Figure 1 comprises Figures 1a, 1b and 1c, and these figures represent electron microscopic views of scanning a TA6V alloy surface coated with a polyaniline tank with an inclination of 30º;

- Figure 1a: with an increase of 40;

- Figure 1b: with an increase of 400;

- Figure 1c: with an increase of 2,000.

Figure 2 comprises Figures 2a, 2b and 2c. These figures represent views through a microscope electronic scanning of a TA6V alloy surface coated with a polyaniline reservoir, in which the surface has previously made rough by sanding. (Inclination 30th);

- Figure 2a: with an increase of 40

- figure 2b: with an increase of 400

- Figure 2c: with an increase of 2,000.

Figures 3 and 4 represent a curve that provides a total reflection coefficient value for wavelengths in the range of 0.25 to 2.5 µm;

- Figure 3 for deposited polyaniline according to the process of the invention without prior sanding;

- Figure 4 with previous sanding.

A polyaniline deposit was made on titanium alloys of type TA6V, and the different stages of the Operating range are as follows:

Alkaline degreasing

- Tripolyphosphate sodium Na 5 P 3 O 10: 40 g / l - Sodium tetraborate Na 2 B 4 O 7 {10} H 2 O: 40 g / l - Surfactant ref. 631: 10 ml / l - Bland NaOH: pH = 9 - Operating temperature: 60ºC - Duration: 10 minutes

Fluoronitic etching

- 41º nitric acid Be HNO 3: 141 ml - Hydrofluoric acid (48%) HF: 50 ml - Additive F 68: 1 g - TA6V (metal) 1.5 g - Distilled water csp: 11 - Temperature of functioning: 20ºC - Duration: two m 15 s

Chemical conversion baths

- Bifluoride sodium NaFHF: 13 g / l - Temperature of functioning: 20ºC - Duration 1 m 45 s

Hydrolysis

- Water demineralized - Temperature of functioning: 90 ° C - Duration fifteen minutes

Electropolymerization

- Anilina liquid 0.1 mol / liter - Sulfate sodium Na_ {SO} {4} · 10H2 O: 0.5 M - Sulfuric acid H 2 SO 4 csp pH = 1

The durations, concentrations of products and natures of the products that were used and mentioned above can be naturally modified in a manner known in the art to obtain the same results. The inventors have not experienced all ranges of usable products or the necessary durations for the treatments, but they believe a priori that, for example, for alkaline degreasing with the same products, the following proportions or durations could be employed.

Alkaline degreasing

- Tripolyphosphate sodium Na 5 P 3 O 10: 36 to 44 g / l - Tetraborate of sodium Na 2 B 4 O 7 {10} 2 O: 40 g / l - Surfactant ref. 631: 10 ml / l - Bland NaOH: pH = 8.5 a 9.5 - Operating temperature: 55 a 65 ° C - Duration: 10 to 15 minutes

As regards fluoronitic etching, the proportions of nitric acid could be increased and the bath duration decreased, or could even be decreased, the duration of the bath remaining equivalent but being Bath temperature increased.

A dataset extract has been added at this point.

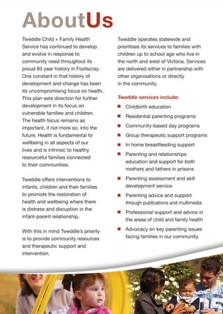 Tweddle Child and Family Health Service is a statewide early intervention organization that aims to support families with children from birth to school age. It has operated for 93 years in Footscray, Victoria, focusing on health and vulnerable families. The document outlines Tweddle's strategic plan from 2012-2017 to continue providing services like parenting programs, health education, and therapeutic support. The goals are to expand services, support families facing various challenges, deliver services in areas of high need, build organizational capacity, and collaborate with other organizations.

Still, the durations and proportions could be:

Fluoronitic etching

- 41º nitric acid Be HNO 3: 100 to 180 ml - Acid hydrofluoric (48%) HF: 40 to 60 ml - Additive F 68: 1 g - TA6V (metal) 1.5 g - Distilled water csp: eleven - Operating temperature 18 22ºC - Duration: 2 to 2.5

In the electropolymerization bath, the part that It will be treated, which in the laboratory is about samples of test, is the working electrode of a cell with 3 electrodes (stainless steel counter electrode and reference electrode of saturated calomelanos (ECS)). The alloy is polarized to -0.5 V / ECS for 3 minutes, and then subjected to a sweep anodic at the speed of 10 mV / s until the voltage imposed reaches +2 V / ECS. The scan is then stopped, but the polymerization is maintained for 20 minutes.

The indicated voltages were measured between reference electrode of calomelanos and the electrode of job.

After electropolymerization, the samples test can be introduced in an oven at a temperature between 40º and 160º during a period of time between 30 minutes and 2 hours, for example 1 hour at 160 ° C.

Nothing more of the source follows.